Feel free to discuss any aspect of the Cthulhu mythos here. It can be H.P. Lovecraft’s stories, stories done by other authors, books, comics, video games, movies, etc. As long as it is related to the Cthulhu Mythos, it’s welcome here.
And yes, you can mention Tren Krom and Anonna here. They were inspired by the mythos, so it is only fair to include them.
And on a side note: You can say either Cthulhu or Cthullu. But I will state that every form of media I have seen has used “Cthulhu.”
And before we get into the discussion, I would like to say one thing:
Rule number one of H.P. Lovecraft stories: NEVER READ THEM RIGHT BEFORE BEDTIME. They will mess with your dreams.
Penguin Classics H.P. Lovecraft: The Call of Cthulhu and Other weird stories has a good collection and the preface states that the stories have been restored based on Lovecraft’s notes. and I have to say it is pretty dang good so far
Oh the Cthulhu Mythos. Nobody had ever conceived anything quite like it before good old Howard put his pen to paper to adapt the weird dreams he had. Most if not all fiction before him posited that humanity was the end all be all of all things before he emerged to turn that notion completely on its head.

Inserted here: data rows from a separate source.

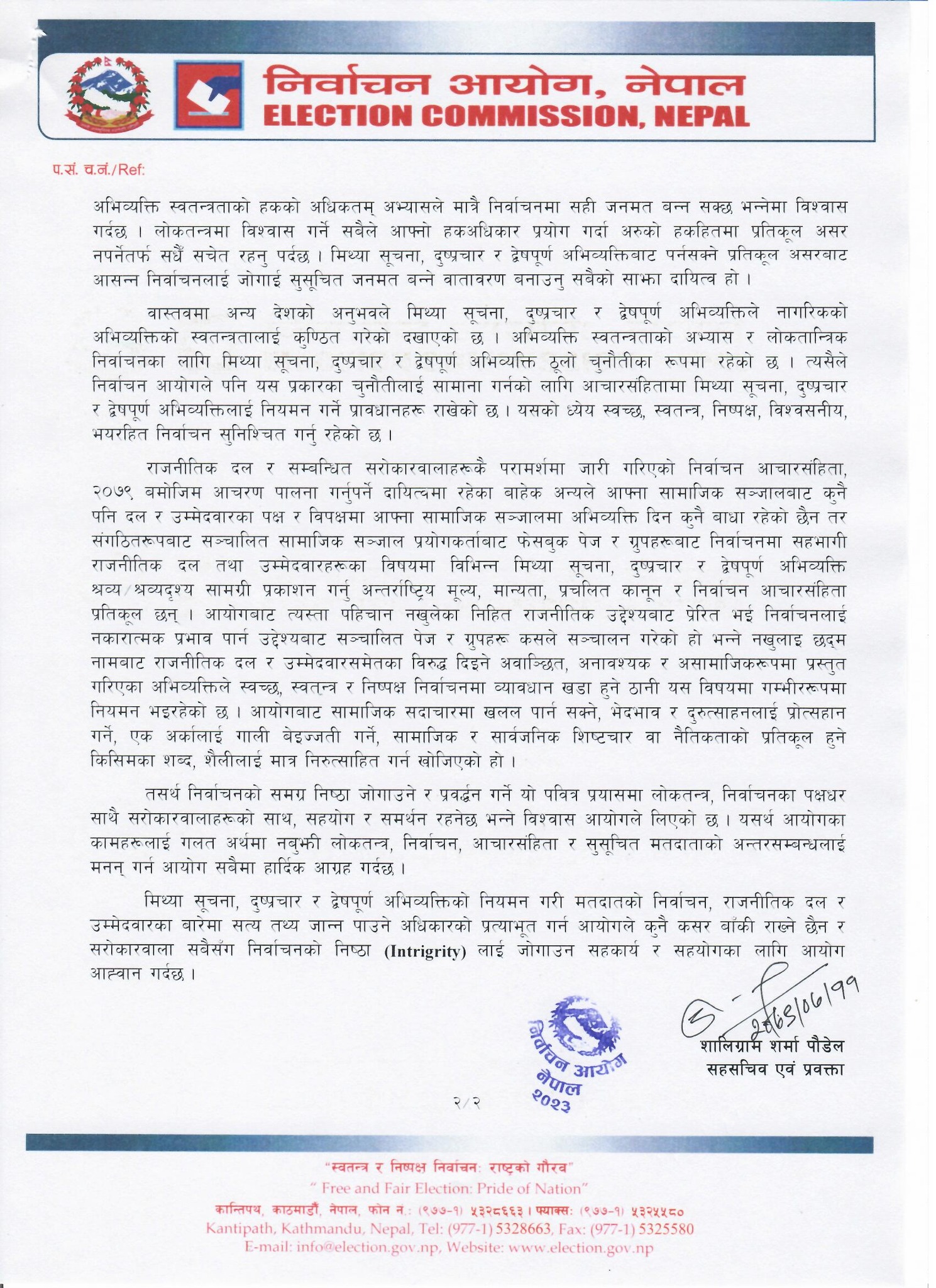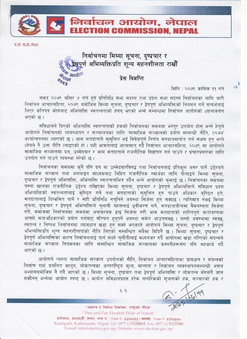 काठमाडौं । निर्वाचन आयोग नेपालले आगामी निर्वाचन मिथ्या सूचना, दुष्प्रचार र द्वेषपूर्ण अभिव्यक्तिप्रीत शून्य सहनशीलता राख्न आह्वान गरेको छ ।
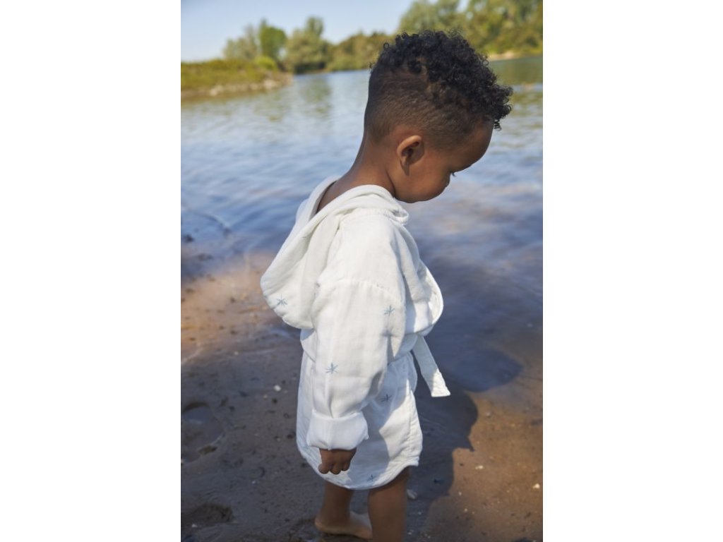 Bambus absorbuje až o 70 % více vlhkosti než bavlněné látky a je rychleschnoucí.Bambus je hypoalergenní. Má chladivý účinek a je přirozeně chráněn proti UV záření, proto je ideální pro použití v létě při plavání.V zimě je bambus teplejší než bavlna a proto rychleji zahřeje Vaše dítě po sprše nebo koupeli. Materiál: 70% bambus a 30% bavlnaVelikost: 98/104 cca 3-4 rokyPři výrobě bambusu je až o 80% menší dopad na životní prostředí než u bavlny.Materiál je v létě prodyšný a v zimě dobře izoluje.
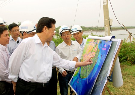 Thủ tường Nguyễn Tấn Dũng thị sát Dự án luồng cho tàu biển trọng tải lớn vào Sông Hậu và Dự án Trung tâm điện lực Duyên Hải. Ảnh: VGP/Nhật Bắc
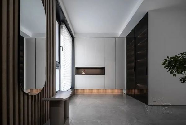 而对于多级物料的运用,也是行业当下的整体想象。几年间,板式极简展厅,由当年的单一物料,又回到了全屋定制的大池子里。
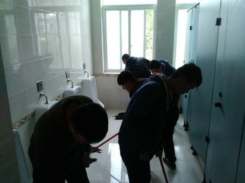 在本次活动中,同学们服从安排,积极参与,对第四教学楼每间卫生间都进行了细致认真的清理。首先,同学们将卫生间地面清理干净,做到地面无污渍、桶内无垃圾。然后放水将卫生间槽内冲干净,使得内无堆积物。最后把地面的污水拖干净。在同学们的努力下,本次清洁活动取得圆满成功。

What makes us so special in the cosmos? Nothing. we are but insignificant, irrelevant little microbes on a tiny speck circling the sun like electrons orbiting the nucleus of an atom, and our puny little galaxy might as well be an atom compared to the endless, perpetually expanding, void of a callous universe. Our race and all its accomplishments and values mean little if anything at all to the greater universe and are ultimately transient, doomed to inevitably fade away before the inexorable forces of time and change.
These concepts were embodied by the various beings and races of the Mythos. Like cosmic forces instead of living creatures, they defied all man’s laws and their mere presence or appearance were enough to drive anyone completely insane. They could exterminate us all with barely any effort, but it is likely they know we’re not even worth the effort, they’re in a state of slumber or imprisonment like the Great Old Ones and probably eventually will, or simply don’t notice us at all.
Of course, there were other little touches that made Lovecraft’s work unique like his penchant for using more colourful adjectives like “eldritch”, “blasphemous”, and “squamous”, but these things are only the tip of the iceberg of Lovecraft. What made his writing truly unique was his ability to create and convey things completely alien and remote from our experience along with the opposite ability to create atmosphere by hinting at the indescribable without completely describing it. This leaves the horror of his work very ambiguous, but Lovecraft still included more directly chilling settings and situations like being pursued by flying polyps through subterranean ruins in his stories. Allusions to terrible things like the Necronomicon and terrible beings like Nyarlathotep and Yog-Sothoth created atmosphere and connections between his stories, giving them a scale larger-than-life.
per adonai eloim, adonai jehova, adonai sabaoth, metraton on agla mathon, verbum pythonicum, mysterium salamandrae, conventus sylvorum, antra gnomorum, daemonia coeli gad, almousin, gibor, jehosua, evam, zariatnatmik, veni, veni, veni.